Scott Lively and his Latvian neo-Pentecostal links highlighted
A few days ago on I blogged on the anti-gay activism of Oregon-based Scott Lively and his links with the international neo-Pentecostal New Generation church in Latvia. Looks as though I just skimmed the surface; Casey Sanchez of the Southern Poverty Law Center has the full story:
On the first day of July, Satender Singh was gay-bashed to death. The 26-year-old Fijian of Indian descent was enjoying a holiday weekend outing at Lake Natoma with three married Indian couples around his age. Singh was delicate and dateless — two facts that did not go unnoticed by a party of Russian-speaking immigrants two picnic tables away.

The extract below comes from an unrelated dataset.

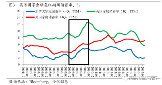 观察英语为母语的国家在金融危机期间储蓄率的变化,可以发现金融危机的影响相当长久。如图3所示,美国家庭储蓄率在2012年底达到高点后持续处于高位,加拿大在2016年才回落到危机之前的水平,英国在2013年左右恢复。金融危机之前美国的储蓄率长期下降,被认为处于不正常的低水平,并且是导致危机的原因。金融危机后花了很长时间去修复,既包括修复资产负债表,也包括修复储蓄行为本身,危机后的储蓄率的上升是对危机前的长期趋势的系统性修正,不完全是危机冲击的结果。

According to multiple witnesses, the men began loudly harassing Singh and his friends, calling them “7-Eleven workers” and “Sodomites.” The Slavic men bragged about belonging to a Russian evangelical church and told Singh that he should go to a “good church” like theirs…”
Singh was killed by a blow to the head. Also:
…Sacramento gay and lesbian rights advocate Wendy Hill, 33, said that when she came of age as a lesbian in the mid-1990s, Sacramento was a safer place. “As a college student, you pushed the envelope. You walked down the street hand-in-hand with another girl, even if you weren’t dating.” Now, Hill says, after a group of rowdy Russian-speaking protesters showed up outside her house one morning, “I get afraid of that now, walking hand in hand with my wife.”
Funnily enough, such details were absent from the recent report about Lively at Latvia which appeared in OneNewsNow, which notes only – with tacit approval – that according to Lively
…people of the former Soviet Union’s Russian-speaking countries are among the strongest opponents of the homosexual agenda in the world.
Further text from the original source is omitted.